The trading session reflected a striking contrast. In the morning, the VN-Index rose by around 15 points to approximately 1,869, signaling a positive headline performance. Yet beneath that figure lay a deeply fragmented market.
The primary force behind the index’s rise came from the “Vin” group of stocks. Key pillars within the Vingroup ecosystem posted strong gains, with VIC climbing nearly 5 percent, VHM rising over 6 percent, VRE adding close to 3 percent and VPL advancing nearly 4 percent.
Meanwhile, the broader market remained under pressure. More than 400 stocks were in decline by the end of the morning session, with 16 out of 23 sectors falling. The phenomenon often described as “green outside, red inside” - where the index rises but most stocks drop - has persisted across recent sessions.
A notable negative highlight was the floor-level plunge of Novaland (NVL) shares after a period of rapid gains, reflecting strong profit-taking sentiment and lingering short-term risks in the real estate sector. Outside the Vingroup group, most property stocks weakened.
Still, the market was not entirely bleak. Toward the end of the afternoon session, several other large-cap stocks reversed course and rose, helping stabilize investor sentiment. Shares such as VPB, VJC, STB, PLX, LPB and GAS all rebounded after earlier losses, while stocks including GEE, GEX, BSR and GMD attracted fresh capital inflows.
Liquidity remained modest, with trading value on the HOSE reaching around VND16.5 trillion (US$650 million) by 2pm. Foreign investors continued to be net sellers, adding pressure to the market.
By 2:30pm, the VN-Index had gained nearly 17 points to surpass 1,871. At the close, the index finished up 20.79 points, or 1.12 percent, at nearly 1,874.85.
Overall, the May 5 session clearly illustrated strong divergence: the index rose, but not in a way that reflected the broader market. Capital flows remained concentrated in a narrow group of large-cap stocks, particularly those linked to Vingroup.
Record wealth and the rise of a regional billionaire
The surge in Vingroup shares not only influenced the market but also reshaped the wealth landscape of major shareholders. Most notably, Pham Nhat Vuong recorded a historic milestone, with his net worth exceeding US$35 billion for the first time, making him the richest individual in Southeast Asia.

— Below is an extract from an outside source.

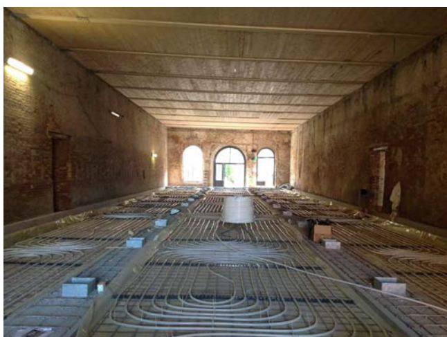
SALA D'ARMI BIENNALE DI VENEZIA impianto di riscaldamento del tipo radiante a pavimento e condizionamento di un edificio ad uso terziario.

According to Forbes, as of May 5, his fortune stood at approximately US$35.1 billion, ranking him 62nd globally. Compared to March, his wealth has increased by nearly US$9.7 billion - a rare surge over such a short period.
The primary driver has been the sharp rise in Vingroup shares, which have climbed roughly elevenfold since the beginning of 2025, reaching over VND219,000 per share (US$8.60).
Other members of his family have also seen notable gains. His wife, Pham Thu Huong, holds an estimated US$3.8 billion, while his sister-in-law, Pham Thuy Hang, has around US$2.7 billion. Collectively, the family ranks among the wealthiest in the region.
This surge in wealth reflects strong market confidence in the long-term prospects of businesses within the Vingroup ecosystem, particularly in real estate, industry and services.
Outlook: opportunities and risks ahead
Despite ongoing market divergence and short-term pressures, Vietnam’s broader economic outlook remains positive. Moody’s recently upgraded Vietnam’s outlook from “stable” to “positive” while maintaining its Ba2 rating - a move that underscores international confidence in macroeconomic stability and institutional reforms.
Key supporting factors include administrative reforms, improved governance efficiency, infrastructure investment and a more favorable business environment. In addition, a solid fiscal foundation - with relatively low public debt and strong repayment capacity - continues to provide stability amid global uncertainties.
Real estate remains a key growth driver. With urbanization projected to rise from 40 percent to 45 percent by 2030, housing demand is expected to increase significantly. This creates substantial opportunities for major developers with strong land reserves and execution capabilities, such as Vingroup.
If credit conditions and legal bottlenecks are eased, capital flows may continue to support the sector, in turn benefiting the stock market.
However, risks persist. Challenges within the banking system, pressures in the real estate market and institutional constraints could affect future credit rating upgrades. Ongoing foreign net selling and low liquidity also warrant close monitoring.
In this context, the leadership of large-cap stocks - especially those within the “Vin” group - is likely to remain crucial. Beyond influencing the index, these stocks reflect investor expectations for Vietnam’s long-term economic growth.
The May 5 session, therefore, was not merely a short-term fluctuation but a signal of shifting capital flows and renewed confidence in the market’s true drivers.